# **PRACTICE 1 - NLTK**

*   Exploring a Corpus
*   Vocabulary and Frequency distribution
*   Collocations - Unigrams, Bigrams, Trigrams
*   Exercise 1 - 16/03/2023

## COLAB ONLY - Installing requirements

In [None]:
!pip install nltk

## Exploring a Corpus

In [None]:
# Imports
import nltk
import nltk.corpus

In [None]:
#A download utility to get a lot of data!
nltk.download()

In [None]:
# Getting the Brown corpus:
from nltk.corpus import brown

## Download a specific dataset
try:
    nltk.data.find('brown')
except LookupError:
    nltk.download('brown')

## Check type and folder
print("Brown corpora:"+str(nltk.corpus.brown).replace('\\\\','/'))

In [None]:
## Corpus categories
print(f'{brown.categories()}')

In [None]:
## Corpus files ids for a given category
print(f'{brown.fileids(categories="adventure")}')
## Corpus files ids
#print(f'{brown.fileids()}')

In [None]:
## Getting first 30 word of first file
n = 30
category = 'adventure'
fid = brown.fileids(categories=category)[0]

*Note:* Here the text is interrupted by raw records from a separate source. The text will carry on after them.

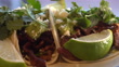 Side shot of some delicious looking street tacos filled with Carne Asada, Cilantro, Cotija Cheese and Limes. - 4K stock video
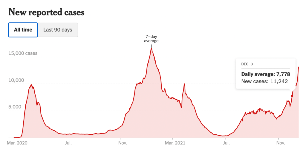 Meanwhile, there is a sadness mixed with grim determination in the air. Just when the memories of our first wave in the of Spring 2020 finally seemed to be receding, the news of hospitals being overwhelmed and broadway shows going dark because of breakthrough infections among the cast is difficult to accept. Our reopening was hard fought and a shutdown, although at this point existing more in our minds than in the law, is a bitter pill to swallow.
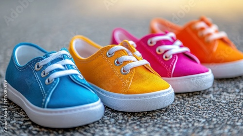 Colorful children's canvas shoes in vibrant hues
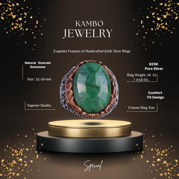 Bu el yapımı yüzük, 925 Ayar Gümüş içine yerleştirilmiş doğal Zümrüt taşına sahiptir. Dayanıklılığı ve büyüleyici, zarif bir yeşil rengi harmanlayarak sunar. Her yüzük benzersiz bir tasarıma sahiptir, bu da her parçanın farklı olmasını sağlar ve karmaşık işçiliği ile gerçek bir ifade parçası haline getirir.

print(f'{fid} first {n} words: {brown.words(fid)[:n]}')

In [None]:
## Getting first sentence
first_sentence = brown.sents(fid)[0]
print(f'{fid} first {n} words: {first_sentence}')

In [None]:
## Getting first sentence as text
first_sentence_text = ' '.join(first_sentence)
print(f'{fid} text: {first_sentence_text}')

In [None]:
print(f'File "{fid}" sentences:')
for i, s in enumerate(brown.sents(fileids=fid)[:10]):
    print(f'{i} {" ".join(s)}')

## Vocabulary and Frequency

In [None]:
# Vocabulary extraction and comparison
vocabulary_fid = set(brown.words(fileids=fid))
vocabulary_cat = set(brown.words(categories=category))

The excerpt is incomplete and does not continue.